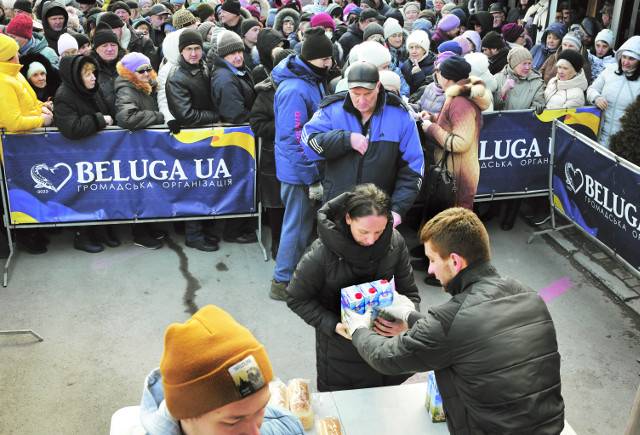 [포토] 음식 배급받는 우크라이나 주민들
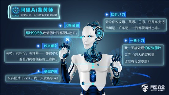 阿里巴巴集團安全部日前公布最新的「AI鑑黃」技術,透過演算法過濾每天上億張可能涉及色情的圖片,可提升2000倍的效率,減少「人工鑑黃師」人力的需求、提高鑑別準確度。近期已經上線公測,語音、影片等多媒體領域,並支援中文、英文、日文和俄文等多國語言,甚至無語義的呻吟聲也能識別。
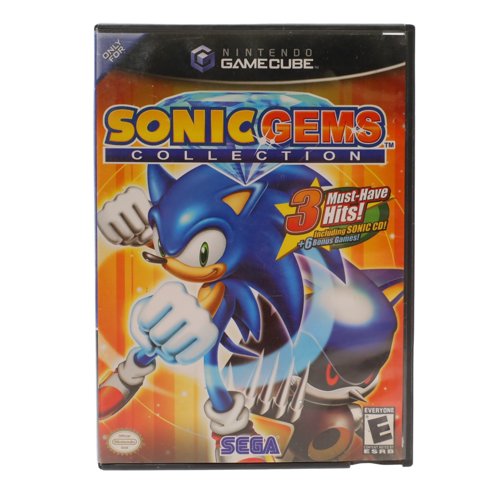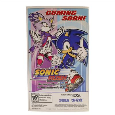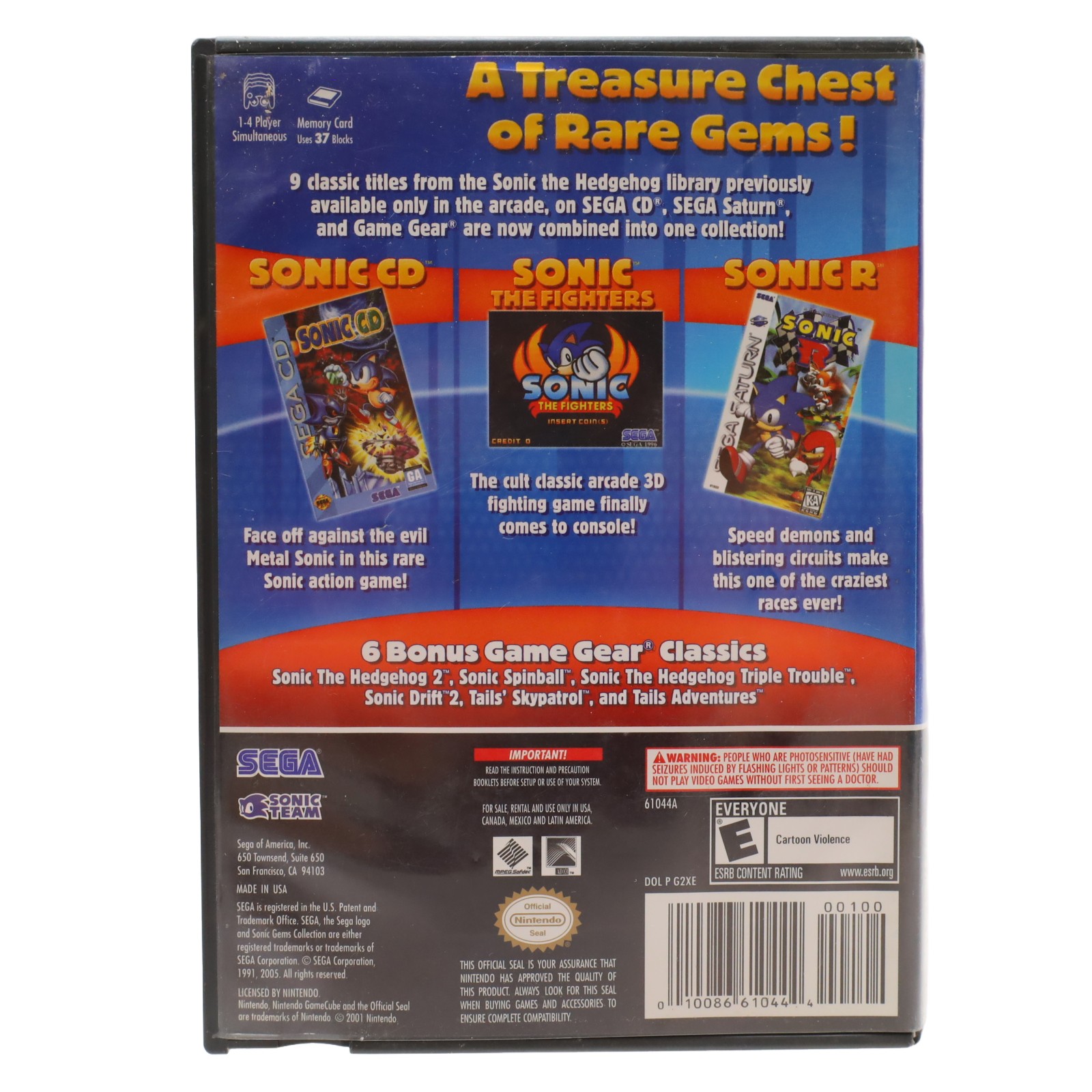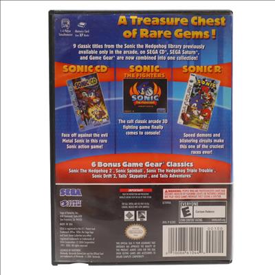 Features a selection of video games originally published by Sega for systems including the Sega CD, Sega Saturn, and Game Gear. The collection primarily includes titles from the Sonic the Hedgehog series such as Sonic CD, Sonic the Fighters, Sonic R, and various Game Gear entries, along with unlockable Vectorman games. Certain titles available only in the Japanese version include Bonanza Bros. and the Streets of Rage trilogy. Users can view scans of the original instruction manuals for each game, along with hints and cheat codes, and some games run at a higher frame rate than the initial release. The package contains content encompassing platforming, fighting, racing, pinball, and puzzle genres.

REQUIRED ACTION:
Without copying any picture, repeat the full listing above word for word.

RESPONSE:
 [포토] 음식 배급받는 우크라이나 주민들
 阿里巴巴集團安全部日前公布最新的「AI鑑黃」技術,透過演算法過濾每天上億張可能涉及色情的圖片,可提升2000倍的效率,減少「人工鑑黃師」人力的需求、提高鑑別準確度。近期已經上線公測,語音、影片等多媒體領域,並支援中文、英文、日文和俄文等多國語言,甚至無語義的呻吟聲也能識別。
 Features a selection of video games originally published by Sega for systems including the Sega CD, Sega Saturn, and Game Gear. The collection primarily includes titles from the Sonic the Hedgehog series such as Sonic CD, Sonic the Fighters, Sonic R, and various Game Gear entries, along with unlockable Vectorman games. Certain titles available only in the Japanese version include Bonanza Bros. and the Streets of Rage trilogy. Users can view scans of the original instruction manuals for each game, along with hints and cheat codes, and some games run at a higher frame rate than the initial release. The package contains content encompassing platforming, fighting, racing, pinball, and puzzle genres.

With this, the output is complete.